We can use parallel arrays to accomplish this task. First we create two empty python objects of type `list` using empty square brackets `[]`.
We then use the `.append()` function to add new values. `.append()` is a useful python function that adds the argument of the append function to the end of an array.

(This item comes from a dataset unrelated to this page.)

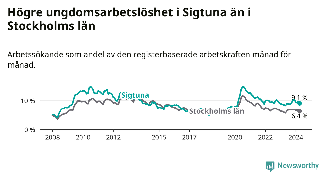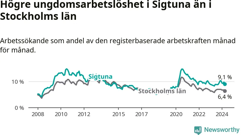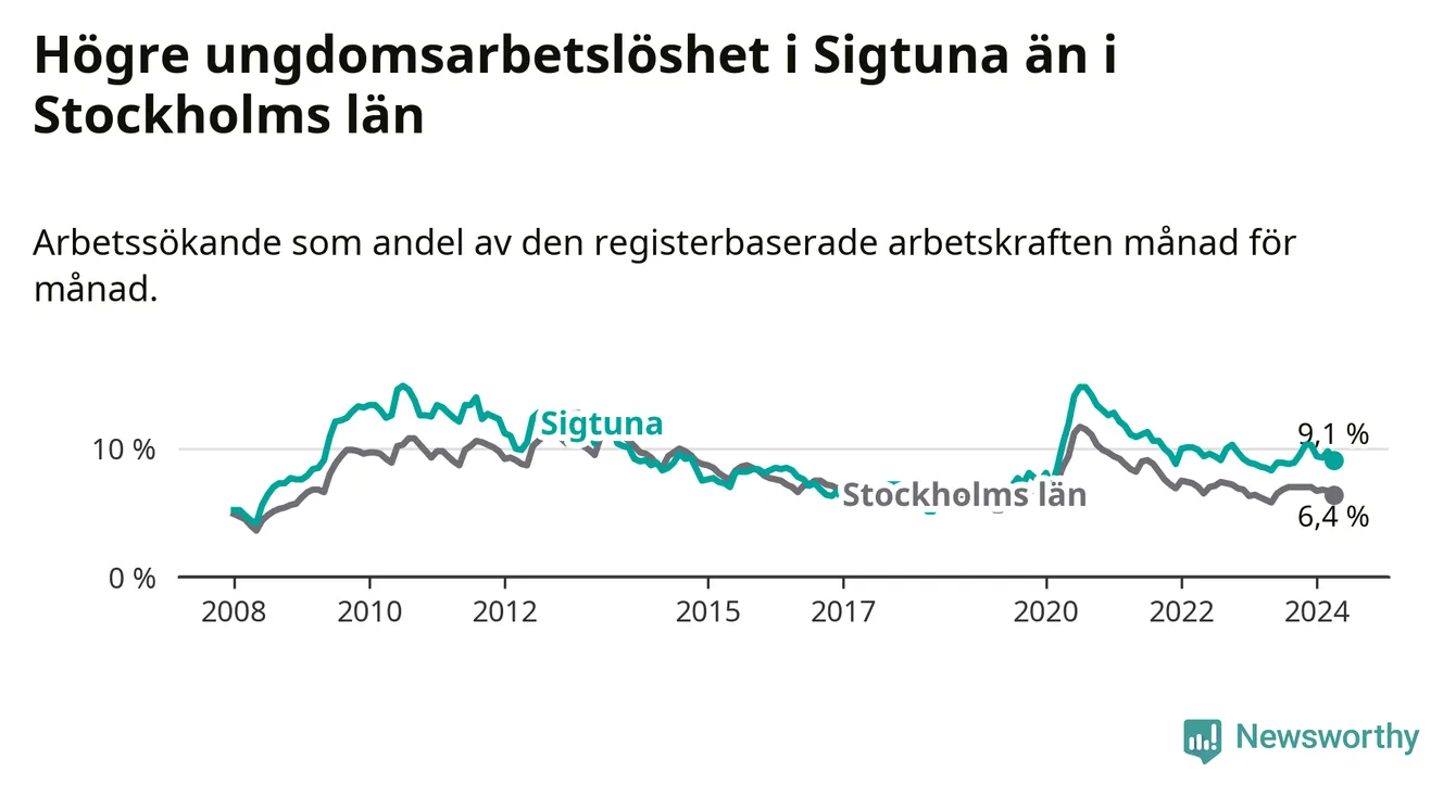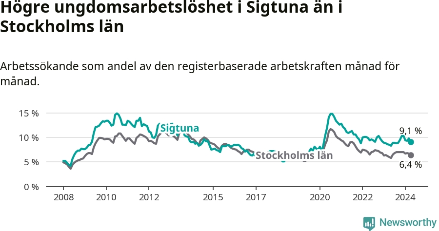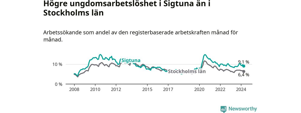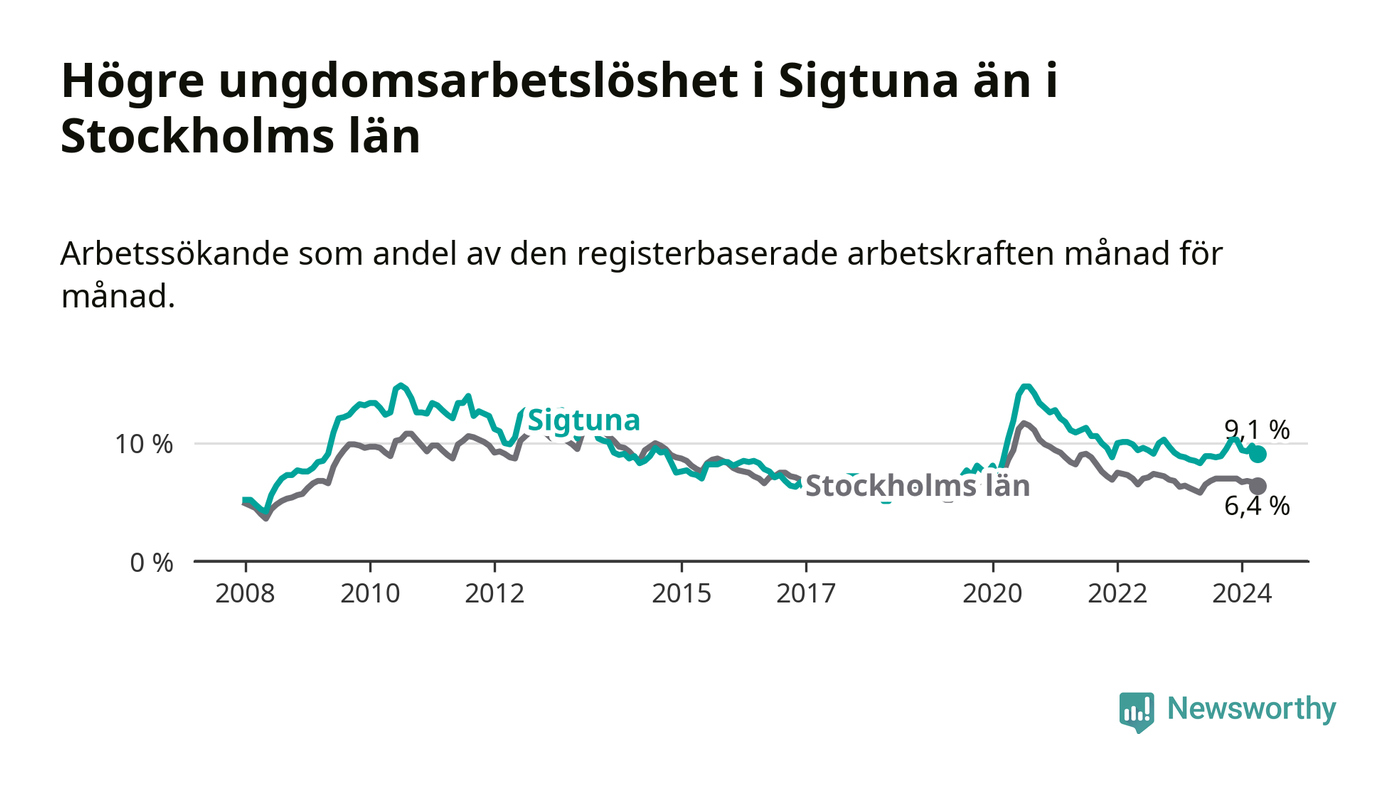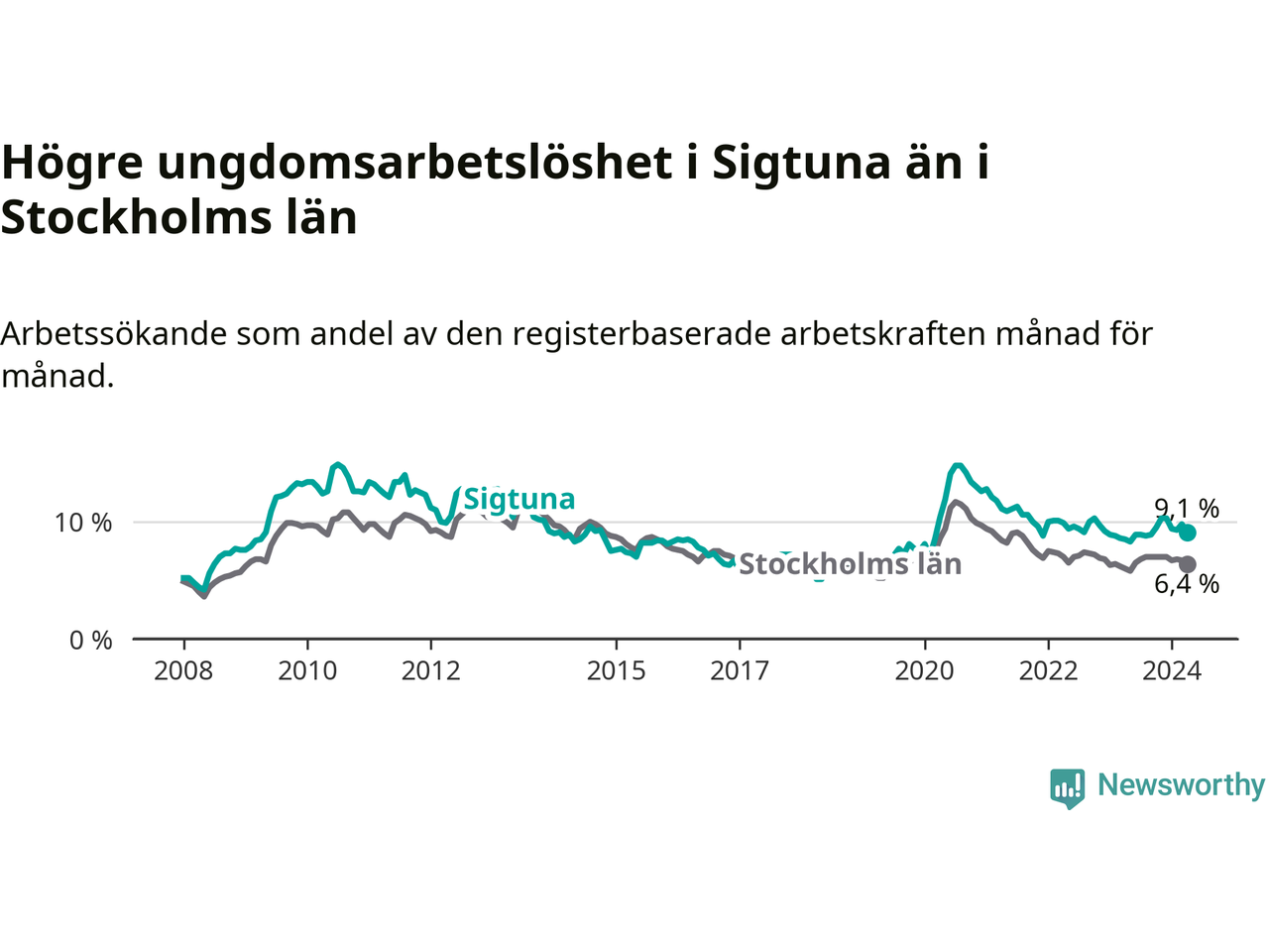 Precis som den totala arbetslösheten ligger ungdomsarbetslösheten i Sigtuna högre än i Stockholms län som helhet. Skillnaden mellan kommunen och länet är 2,7 procentenheter.

> Note that I refer to these objects as "arrays" even though, in python, they are objects of type `list`. Lists in python are 1-dimensional arrays.

```{python}
# Assign empty lists
prey = []
pred = []
# Append the initial population values
prey.append(initPrey)
pred.append(initPred)
# Inspect the values
prey
pred
```

Now we can use a `for` loop to iteratively expand these parallel arrays.

```{python}
for t in range(1, days):
  # Break if somehow the length of the array gets too long
  if len(prey) > 1000 or len(pred) > 1000:
    break
  # Break if a population value goes negative
  if prey[t-1] < 0:
    break
  if pred[t-1] < 0:
    break
  # Do the calculations  
  prey.append((prey[-1] + (b*prey[-1]) - (a*prey[-1]*pred[-1])))
  pred.append((pred[-1] + (k*a*prey[-1]*pred[-1]) - (m*pred[-1])))
  
```

Remember, an important part of parallel arrays is that they must have identical dimensions. If they don't, something went wrong! We can engineer a basic code check using conditional statements:

```{python}

if len(prey) == len(pred):
  print("Parallel arrays are the same length!")
elif len(prey) != len(pred):
  print("Oh no! The arrays are different lengths!")

```

```{python}
plt.plot(prey, label = "Prey Population")
plt.plot(pred, label = "Predator Population")
plt.ylabel("Population")
plt.xlabel("Time")
plt.legend(loc="upper right")
plt.show()

```

If, for some reason, we wanted the simulation to terminate when one of the animal populations becomes higher than a certain value, let's say 1000, we could use a `while` loop to ensure this behavior. *while* the condition "<1000" is met, the code within the statement will execute. I use the python-specific indexing of `[-1]` to refer to the last element in the array. While loops can cause infinite looping if you are not careful. I'll put an `if` statement that `break`s the loop should the length of either array exceed 1000.

```{python}
while (prey[-1] < 1000 and pred[-1] < 1000):
  if len(prey) > 1000 or len(pred) > 1000:
    break
  prey.append(prey[-1] + (b*prey[-1]) - (a*prey[-1]*pred[-1]))
  pred.append(pred[-1] + (k*a*prey[-1]*pred[-1]) - (m*pred[-1]))
```

```{python}
# Do our sanity check again
if len(prey) == len(pred):
  print("Parallel arrays are the same length!")
elif len(prey) != len(pred):
  print("Oh no! The arrays are different lengths!")
  
# Create our plot
plt.plot(prey, label = "Prey Population")
plt.plot(pred, label = "Predator Population")
plt.ylabel("Population")
plt.xlabel("Time")
plt.legend(loc="upper right")
plt.show()
```

# Questions {-}
1. What stands out to you about the results from the Lotka-Volterra equation? Propose a hypothesis explaining your finding.

2. What is different about how you would implement this feature in R versus how we did so here in python?

3. What do you notice is different between plotting that is implemented with `matplotlib` versus using `ggplot`?

4. Change some of the parameters of the simulation. Explain how the parameter you changed affected the results.